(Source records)
==============================

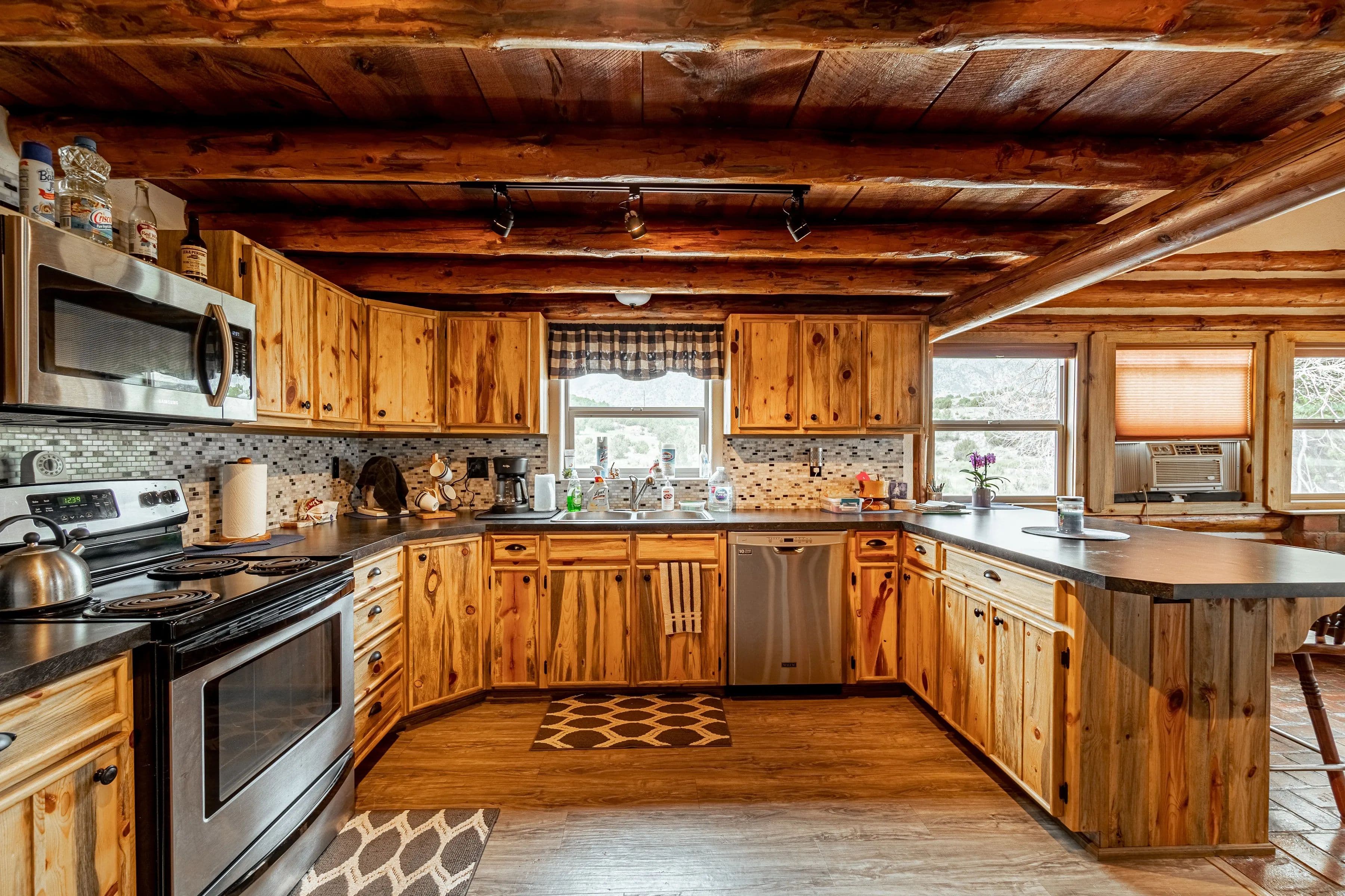 This 1935 log home is a 1589 square foot authentic Colorado log cabin with 2BR and 1 bath and tucked along the scenic canyon hillside. The views of the surrounding mountains and rock formations from this log home are truly awe inspiring. When you enter this cabin, you will be drawn to the wide plank ceilings accented by log beams. This country style cabin has a very open living concept featuring an eat in kitchen with attractive beetle kill pine cabinets accented by a tile backsplash. The appliances are stainless steel, and the flooring is laminate wood. The walk out dining area features custom brick flooring, chinked log walls and a wood burning fireplace. The spacious living room has a pellet stove fireplace with tile hearth and a custom wood mantel. The living room also has some of the original exposed stone walls providing some great character.
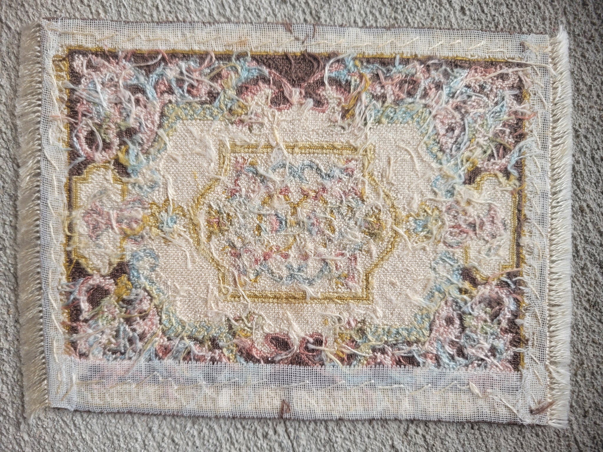 This is a Petit Point Elegant Rococo Rug with Scrolling Motifs and Decorative Medallion
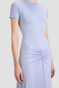 Stretch jersey imbues the Gathered Waist T-Shirt Dress with a figure-flattering silhouette. A modest round neckline and midi-length hemline bring wear-anywhere appeal, while a V-shape seam and tactile ruching at the waist add the house’s distinctive flair. Reimagined in delicate Delphinium Blue, the Gathered Waist T-Shirt Dress blends classic and contemporary references beautifully. Styled with the Sloan Stiletto Size & Fit - Fits true to size, take your regular size - The model height is 5'10 / 178cm and is wearing a size 6 Product Details - Midi length - Stretch jersey fabrication - Round neckline - V shape waist seam with centre front ruching - Centre back invisible zip - 90% Polyester 10% Elastane - Dry clean only - Made in Portugal
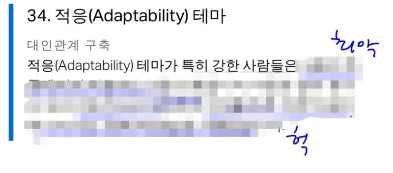 정말 웃긴 건 11위~34위 테마다. 레포트 뒷부분에 ‘나의 CliftonStrenths 34 테마 서열’ 이라고 해서 강점 테마별로 짤막한 설명이 나오는 구간이 있다. 강점 별 설명을 찬찬히 읽으면서 공감이 가는 부분을 밑줄을 치려고 했는데 읽다보니 15번 자기 확신 테마부터는 밑줄이 아니라 취소선을 긋거나 엑스표를 치거나 ‘그닥…?’ 이라고 쓰거나 ‘노관심…’ 이라고 쓰고 있었다.
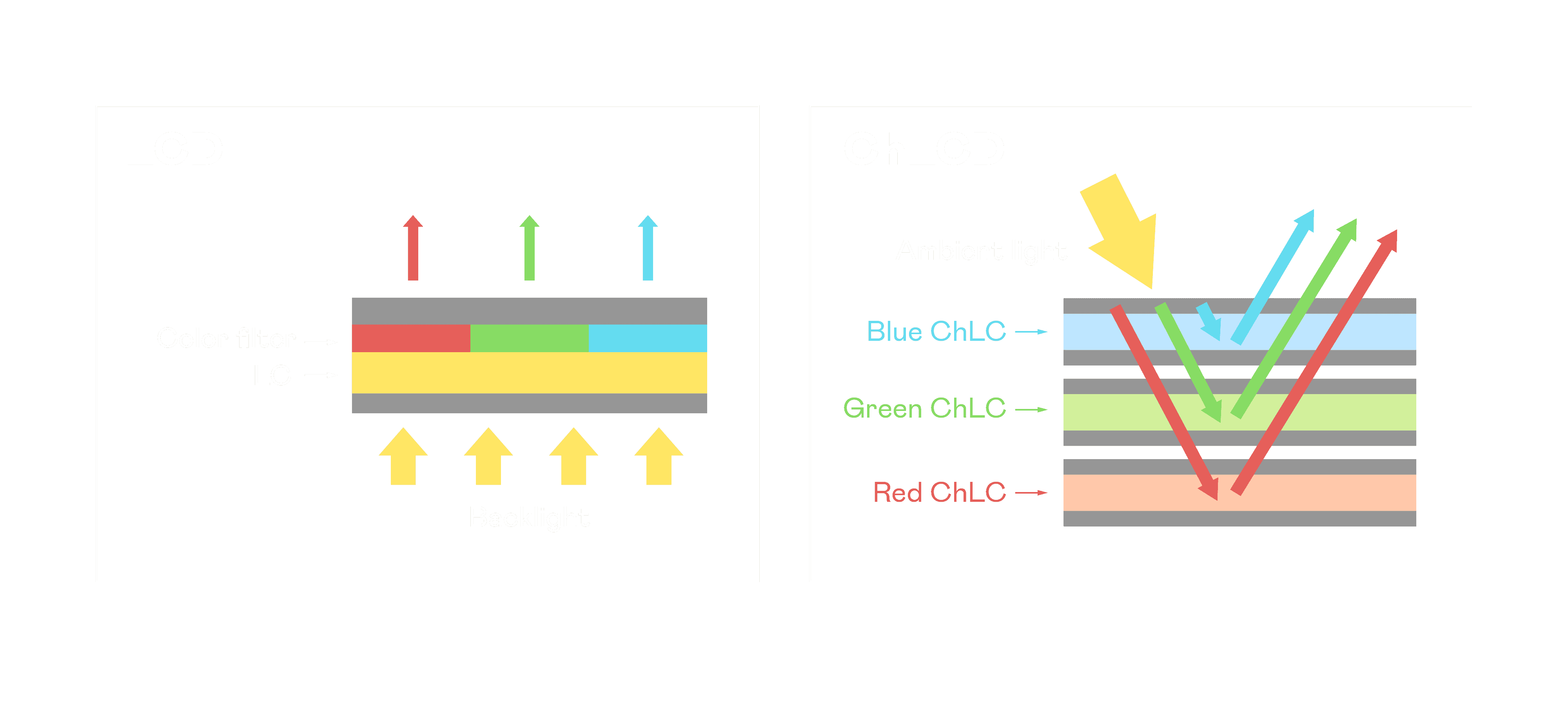 ChLCD 胆固醇液晶就如同纸张一样,,,,透过反射环境光来显示影像,,因此长时间观看不易造成人眼视觉疲劳,,,,可达到护眼效果。。。当处于户外阳光下使用,,,,LCD 影像容易失真而不易观看,,但胆固醇液晶仍可维持较佳的影像品质。。。
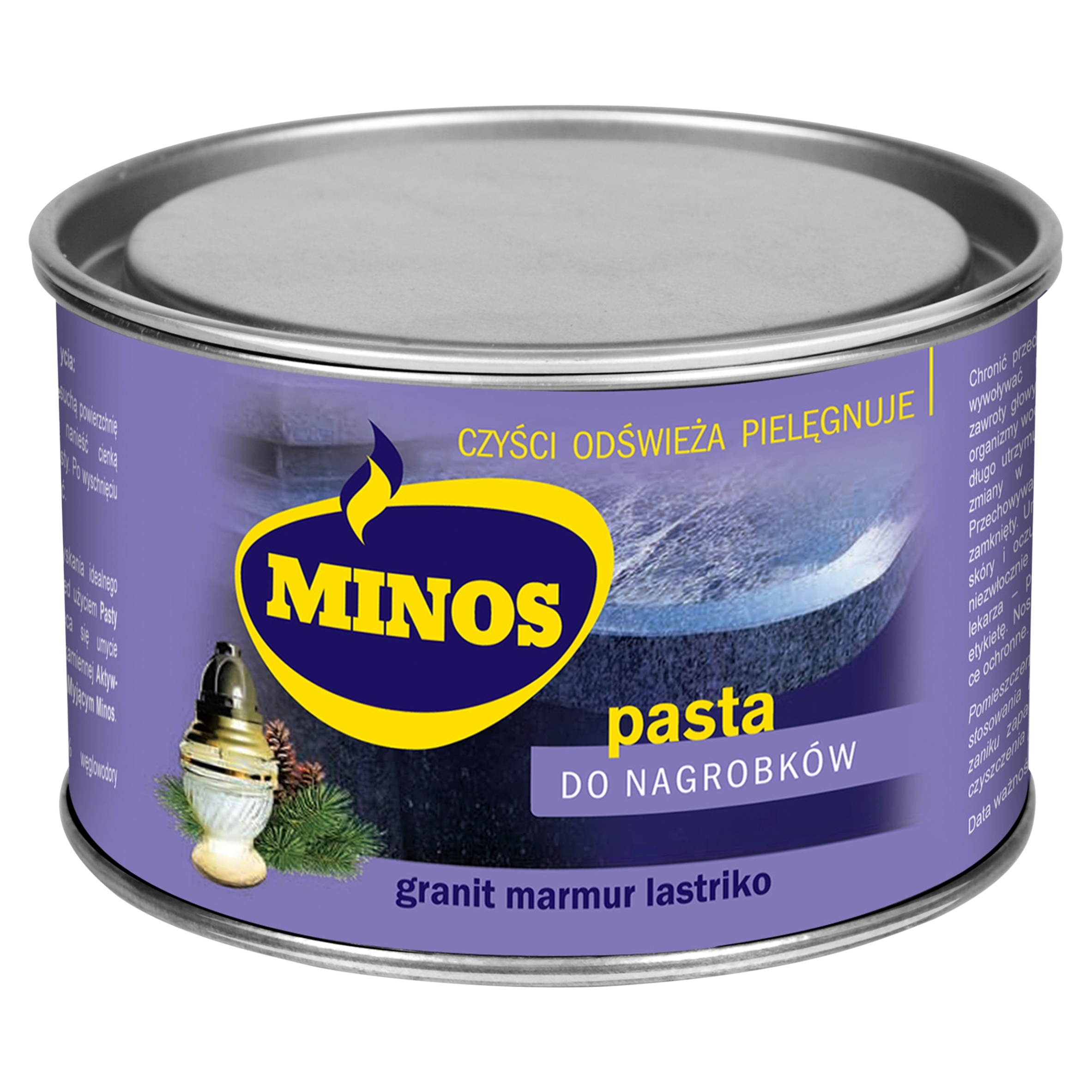 MINOS Pasta 240 g do mycia i konserwacji nagrobków oraz powierzchni z kamienia polerowanego, lastriko, granitu, marmuru itp. nadaje lustrzany połysk czyszczonym powierzchniom, tworzy warstwę konserwacyjną, chroniąc przed wilgocią i wodą. Pasty do polerowania Minos są łatwe w użyciu, tworzą warstwę konserwacyjną, zapobiegająca osiadaniu kurzu i brudu. Preparaty zabezpieczają kamień przed zmianą barwy.

==============================

WHAT YOU WILL DO = The answer must be an exact copy of the lines from the start of the records above through the line containing "This is a Petit", with no pictures in it.

EXPECTED ANSWER =
 This 1935 log home is a 1589 square foot authentic Colorado log cabin with 2BR and 1 bath and tucked along the scenic canyon hillside. The views of the surrounding mountains and rock formations from this log home are truly awe inspiring. When you enter this cabin, you will be drawn to the wide plank ceilings accented by log beams. This country style cabin has a very open living concept featuring an eat in kitchen with attractive beetle kill pine cabinets accented by a tile backsplash. The appliances are stainless steel, and the flooring is laminate wood. The walk out dining area features custom brick flooring, chinked log walls and a wood burning fireplace. The spacious living room has a pellet stove fireplace with tile hearth and a custom wood mantel. The living room also has some of the original exposed stone walls providing some great character.
 This is a Petit Point Elegant Rococo Rug with Scrolling Motifs and Decorative Medallion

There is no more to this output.